▶ [Instructions for the task]: Beginning with the first entry, restate the data word for word and leave out the images.

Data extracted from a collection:
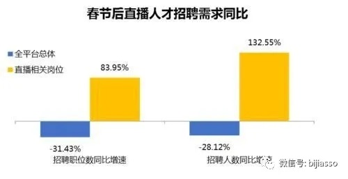 2020年春節(jié)復(fù)工后一個月內(nèi),直播相關(guān)崗位招聘職位數(shù)同比上漲83.95%,招聘人數(shù)增幅高達(dá)132.55%。
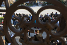 Participants listen to the Rev. Monsingor Joseph Mayo (not pictured) at the Cathedral of the Madeleine during the Good Friday Procession of the Cross Friday March 29, 2013. Since 1983, the Salt Lake Council of Churches has sponsored this annual procession, which is similar to the tradition of the "Via Dolorosa" (Way of Suffering), where pilgrims to Jerusalem follow the path Jesus took to the cross.
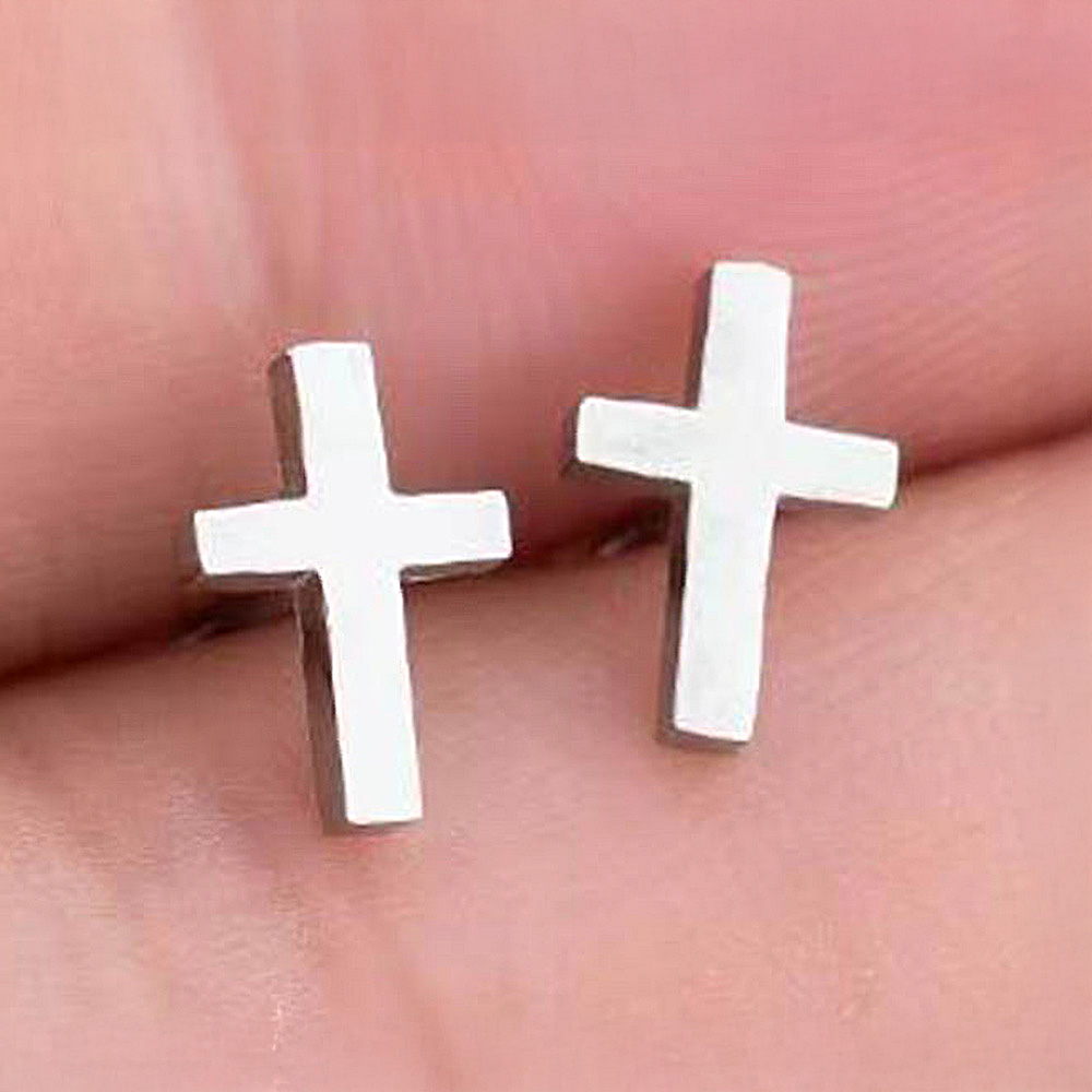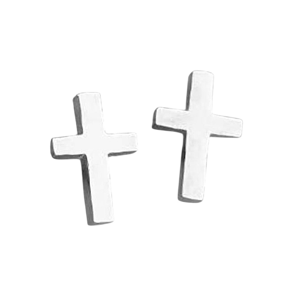 CZ Stone Paved Cross Dangle Huggie Earrings
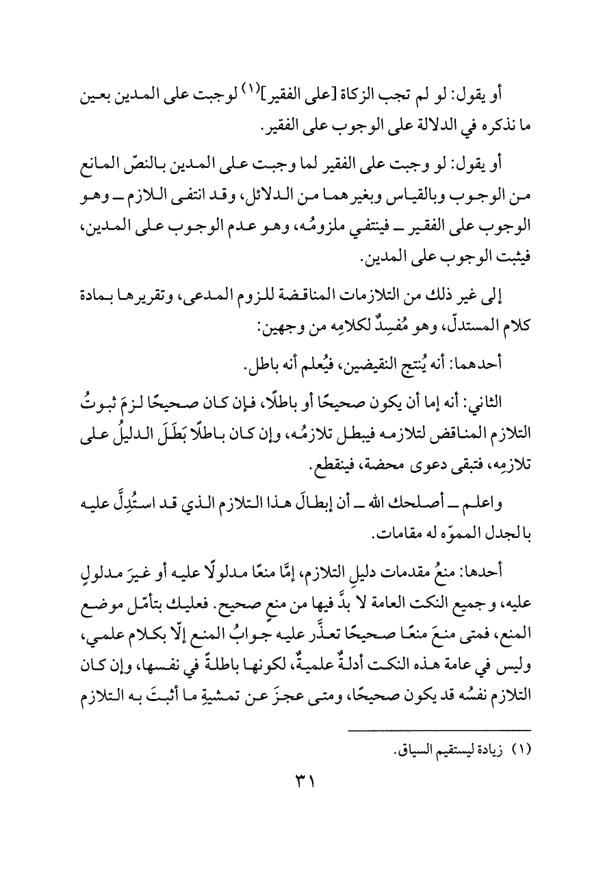 واعلم ــ أصلحك الله ــ أن إبطالَ هذا التلازم الذي قد استُدِلَّ عليه بالجدل المموّه له مقامات.
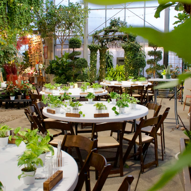 One of the benefits of using a greenhouse for an event is that there is often very little additional decorating needed because partygoers are already surrounded by a colorful array of plants, fountains and statues. “The space is already beautiful,” Harbin says. “If you just walk in here, it’s already set up, so there’s not a lot that needs to happen.”
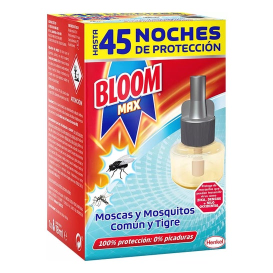Bloom Max Moscas & Mosquitos Rec. Líquido eléctrico 18ml é uma recarga para o aparelho eléctrico que ajuda a eliminar os mosquitos
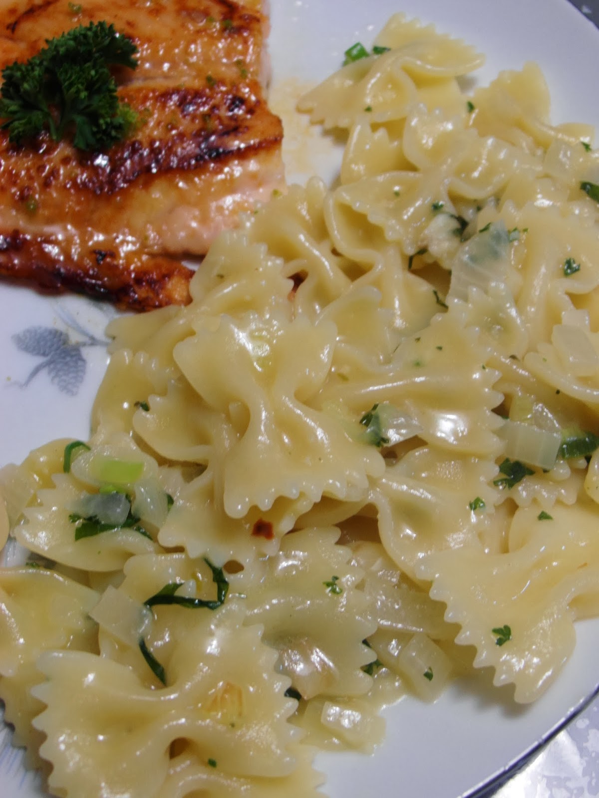 Sweet Chili Coleslaw, Honey Glazed Salmon and Parmesan and Garlic Farfalle
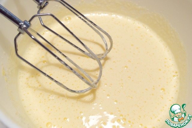5. Пока манка напитывается ароматной тыквенно-молочной смесью, подготовим яичную массу. Для этого взобьем вместе сахар и охлажденные яйца. Побелели и увеличились в объеме? Готово Можно выключать миксер и включать духовку на 180 градусов, если вы ее успели выключить :)
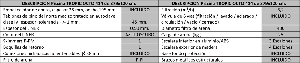 LA PISCINA TROPIC OCTO 414 DE 379x120 CM. SE ENVIA EN 2 PALETS DE 644 Kg.

▶ [Answer below]:
 2020年春節(jié)復(fù)工后一個月內(nèi),直播相關(guān)崗位招聘職位數(shù)同比上漲83.95%,招聘人數(shù)增幅高達(dá)132.55%。
 Participants listen to the Rev. Monsingor Joseph Mayo (not pictured) at the Cathedral of the Madeleine during the Good Friday Procession of the Cross Friday March 29, 2013. Since 1983, the Salt Lake Council of Churches has sponsored this annual procession, which is similar to the tradition of the "Via Dolorosa" (Way of Suffering), where pilgrims to Jerusalem follow the path Jesus took to the cross.
 CZ Stone Paved Cross Dangle Huggie Earrings
 واعلم ــ أصلحك الله ــ أن إبطالَ هذا التلازم الذي قد استُدِلَّ عليه بالجدل المموّه له مقامات.
 One of the benefits of using a greenhouse for an event is that there is often very little additional decorating needed because partygoers are already surrounded by a colorful array of plants, fountains and statues. “The space is already beautiful,” Harbin says. “If you just walk in here, it’s already set up, so there’s not a lot that needs to happen.”
Bloom Max Moscas & Mosquitos Rec. Líquido eléctrico 18ml é uma recarga para o aparelho eléctrico que ajuda a eliminar os mosquitos
 Sweet Chili Coleslaw, Honey Glazed Salmon and Parmesan and Garlic Farfalle
5. Пока манка напитывается ароматной тыквенно-молочной смесью, подготовим яичную массу. Для этого взобьем вместе сахар и охлажденные яйца. Побелели и увеличились в объеме? Готово Можно выключать миксер и включать духовку на 180 градусов, если вы ее успели выключить :)
 LA PISCINA TROPIC OCTO 414 DE 379x120 CM. SE ENVIA EN 2 PALETS DE 644 Kg.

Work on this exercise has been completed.